The times when everything isn't a string

I said earlier that everything in shell scripts was a string. This is usually true, except sometimes it's not! For example, when iterating over files in a directory or a list of items, strings are split into individual items implicitly. How useful! Except this implicit item splitting happens other places as well, such as capturing output from a command with $(), which you often won't want. The way around this is to add "IFS=" on a line on its own at the top of your program, setting the field-splitting seperator to nothing. But this also stops loops from working, and if you are processing strings with awk you don't want the shell doing field seperation. This would probably all be acceptable if split strings were a data structure you could do useful stuff from, like take an index, but you can't. Great!

Variants and versions

I'm going to keep this short, but there are lots of different shells all at various levels of posix compatibility. It's easy to accidentally use a shell feature that only exists on your platform and not for others and only find out after it breaks in somebody else's setup. This can be avoided using shellcheck or sticking only to POSIX shell, but then you miss out on useful features. So you have two shitty options - use the standard dialect, which is missing important tools, or use your system's dialect which means your script might not run properly other places. Pick your poison, I guess.

Environment dependence

Regarding things not working properly other places, shell scripts are so environment dependent it's ridiculous. Short of putting a whole ton of checks at the top of your file for the capabilities of various different programs on each system, you can't tell exactly what a system will have - POSIX is meant to solve this but only covers the core utilities, good luck if somebody else has another versions of ffmpeg with a slightly different output format that breaks your script! Additionally, even coreutils can't be relied upon to be POSIX-compatible: GNU stuff requires an environment variable to tell it to conform to POSIX standard.

On environment variables, it's very possible that a user has set an alias for a program, or made some other environmental change for their interactive environment. Unless the user is very careful, those changes will affect scripts too, in a way that is likely to break them. oops!

Ugly hacks

some other miscellaneous ugly things in shell I want to point out:

On Shellcheck

Shellcheck is a great tool and an absolute must-have if you are somehow, hopefully only ever by force, having to write or maintain shell scripts. But it's a patch at best, and no amount of fancy static analysis could understand every possible runtime bug that the shell script way of working almost necessarily causes.

(in)conclusion

stop writing shell scripts.

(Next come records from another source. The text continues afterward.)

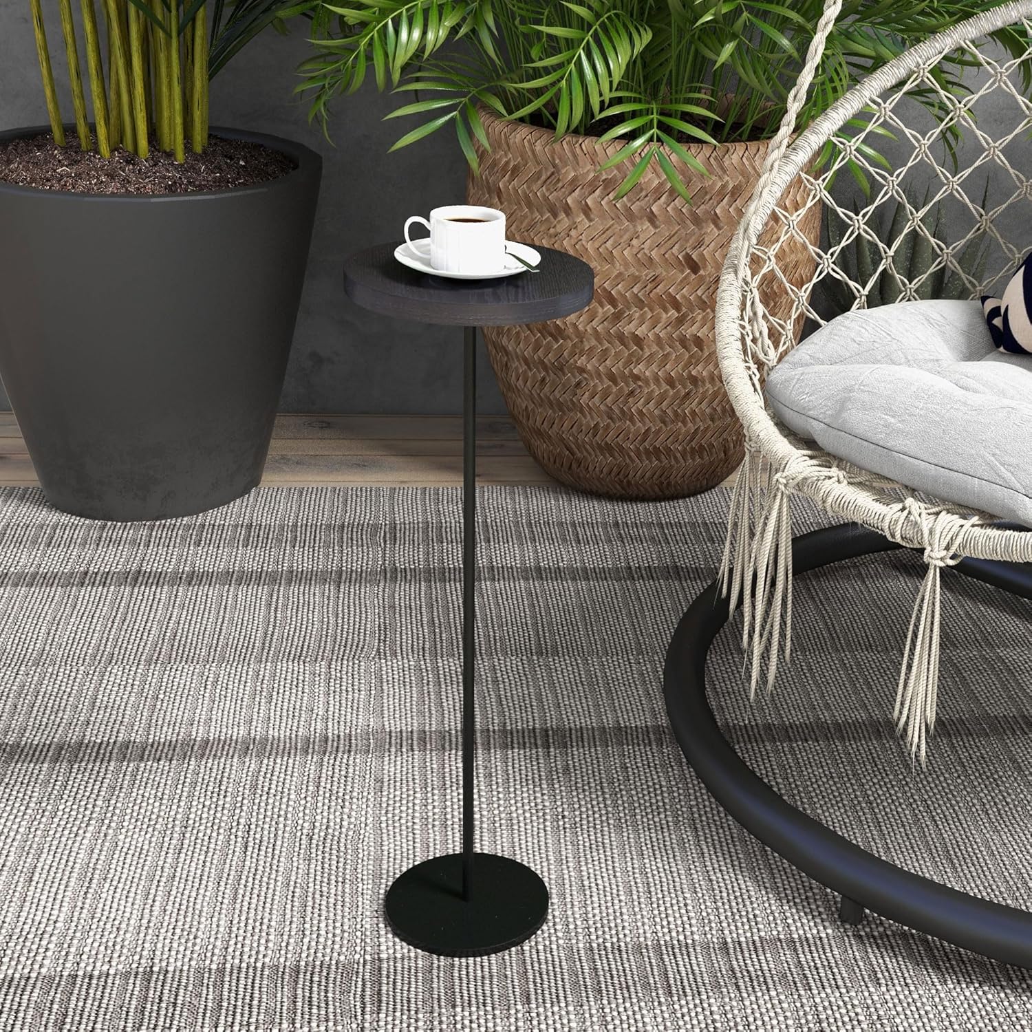 Round Side Table for Small Spaces, Modern Accent End Tall Martini Drink Table with Metal Weighted Pedestal Base Furniture for Living Room, Dorm, Home Office Bedroom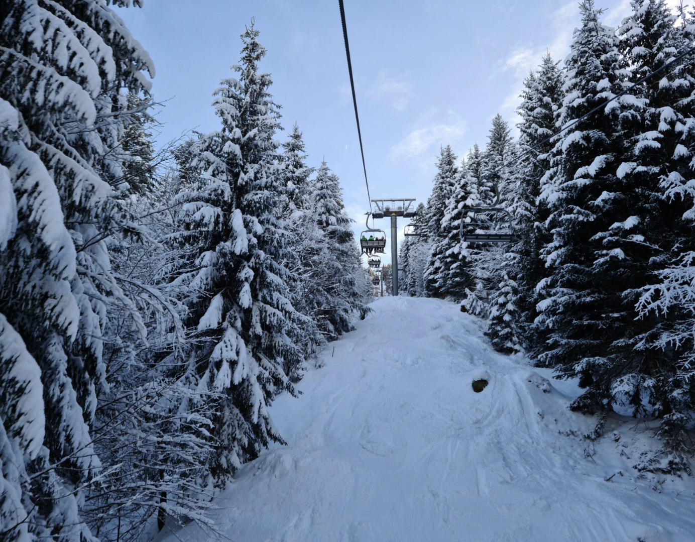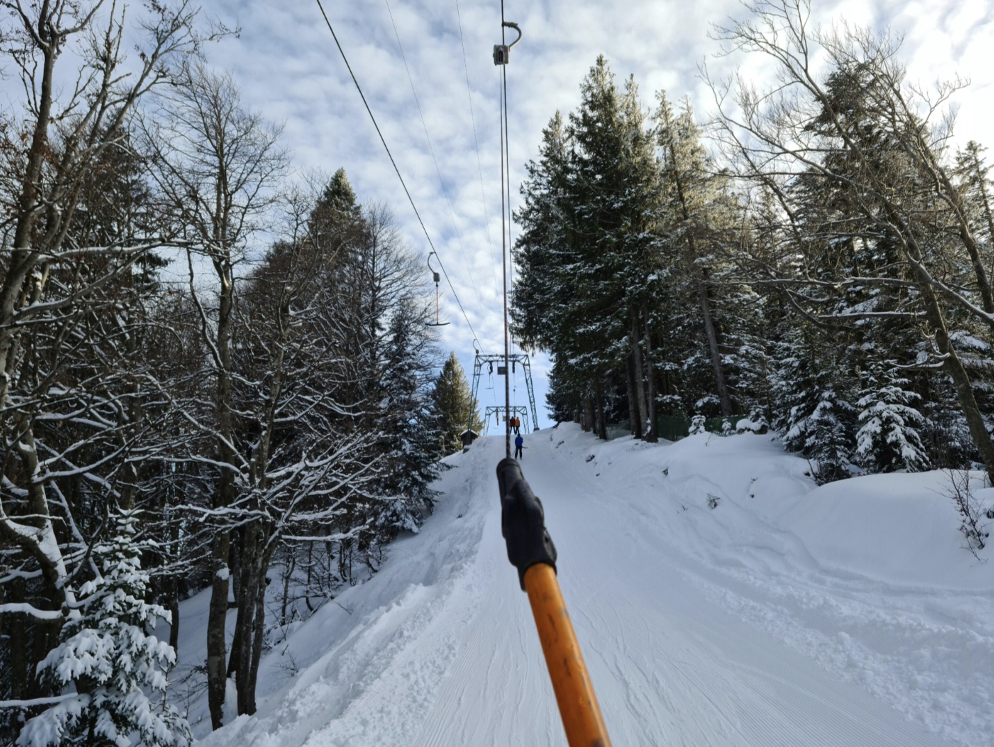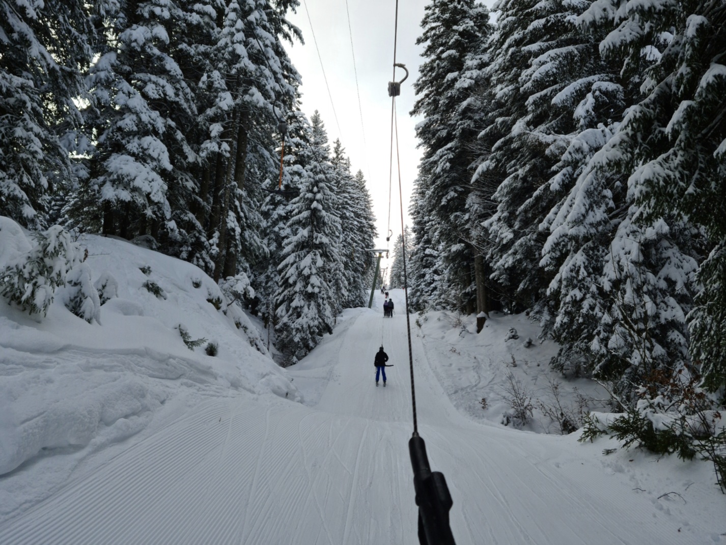 #5- Weiter geht's mit dem Schwarzenberglift, einem schönen, langen Schlepplift, durch den wunderbar verschneiten Wald. Hier stand ich etwas unter 5 Minuten an.
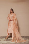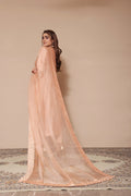 Peach sheesha silk with intricate hand work of sequence with intricate hand embellished zardozi work pairing up with straight pants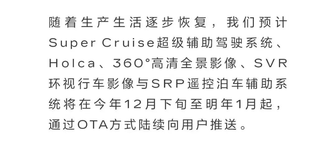这份福利的主要内容是,今年12月底前交付的大定用户可以额外享受5年的保养福利。作为差不多的等价交换,锐歌搭载的Super Cruise辅助驾驶系统等多个功能将暂时不能使用。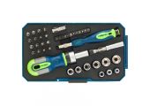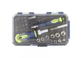 - В комплект входит реверсивная отвертка, биты, торцевые головки.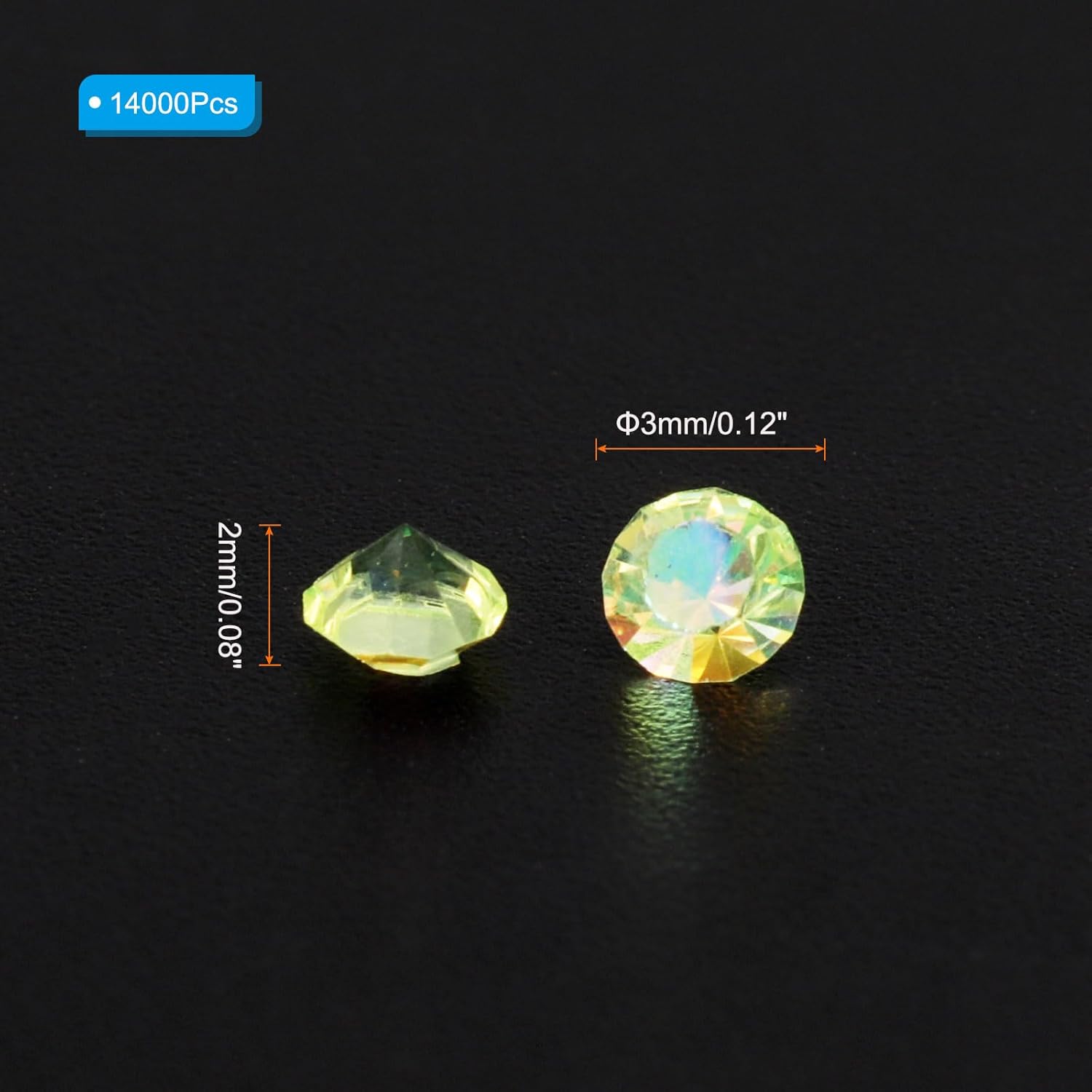 - Color: Chartreuse AB; Material: Acrylic; Size: 3mm x 2mm/ 0.12 x 0.08 inch (Dia.x H); Packing List: 14000Pcs x Acrylic crystal diamonds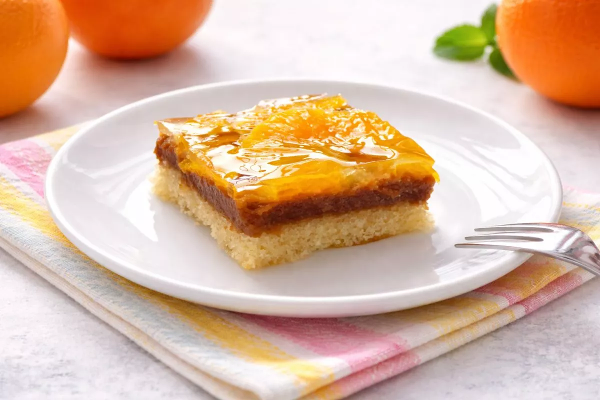 Rahel biskvit, ki ga popestri svežina pomaranče, pa navduši tudi z izgledom.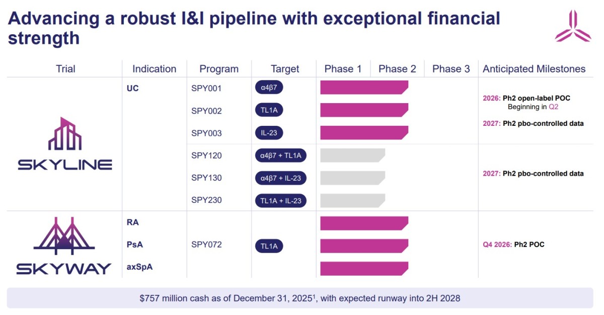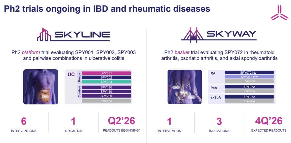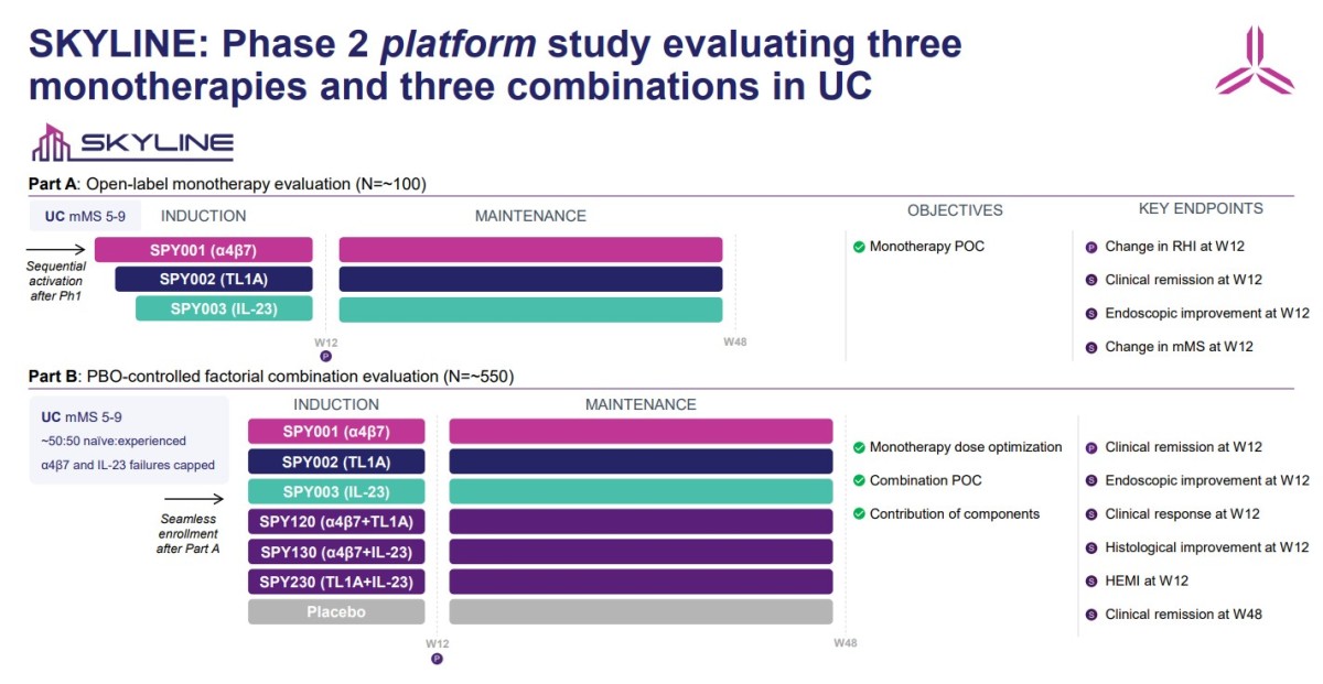 SKYLINE 2상 플랫폼 임상시험은 중등도에서 중증 활동성 궤양성 대장염 환자를 대상으로 SPY001, SPY002, SPY003 및 이들의 조합(총 6종 후보물질)에 대한 유도 및 유지 치료를 평가하는 시험이다. 2025년 5월 시험이 개시됐으며, 현재 1부 등록은 계획보다 빠르게 진행되고 있다.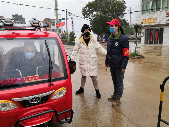 19英语5班学生赵佳面对严峻疫情,在所在村安徽省芜湖市三山区保定街道沿湖村,自觉配合疫情防控,积极参与疫情防控志愿者工作,在沿湖村疫情防控劝导点,挨家挨户宣传防疫信息,解读防疫通知精神,在村口员做好出入登记,核查进村车辆,同时协助当地政府工作人人员做好宣传、排查等工作。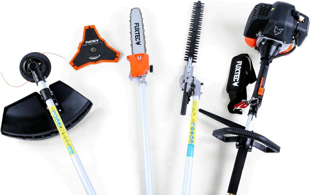 Fuxtec 4 in 1 Multi-Function Petrol Brush Cutter, Hedge Trimmer, Pruning Chainsaw, Lawn Trimmer, Multi-Tool Garden 52cc 2-Stroke Petrol Blend Engine FX-MT152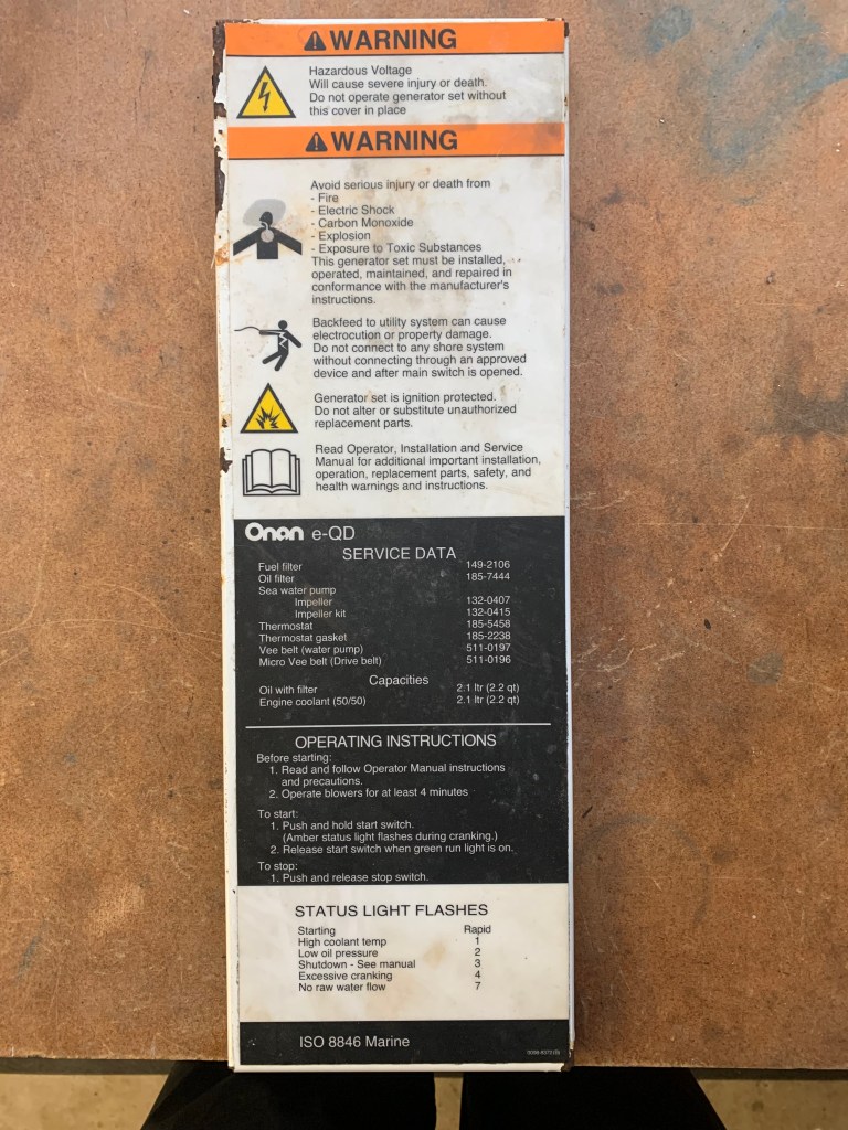 There are two ways to do this. 1) Buy all new panels from Cummins / Onan or 2) Media blast and powder coat the existing panels. Cummins / Onan doesn’t have these panels in stock and cannot make them for me, so that option is very low. So the only path we have is to have these panels re-painted. Media blasters don’t like glues and paper getting into their spent media collection systems, so we have to get all insulation and labels off the panels. But if I did that, how was I going to re-create these labels since the removal process would destroy them? Cummins could not generate the labels and send them to me.

The supposed portability is a lie and an illusion. You'd be better writing your script in a language like ruby or python - they are almost as widespread, much more robust, and will have less unexpected behavior that could lead to bad consequences. The effort required to write shell scripts that work around the fundemental brokenness of the system isn't worth it. Better that users install ruby than have to install specific programs that your shell script depends on. Shell scripts are maybe acceptable for programs that only run on one machine, in one environment. But they can still blow up in your face. Use ANYTHING else.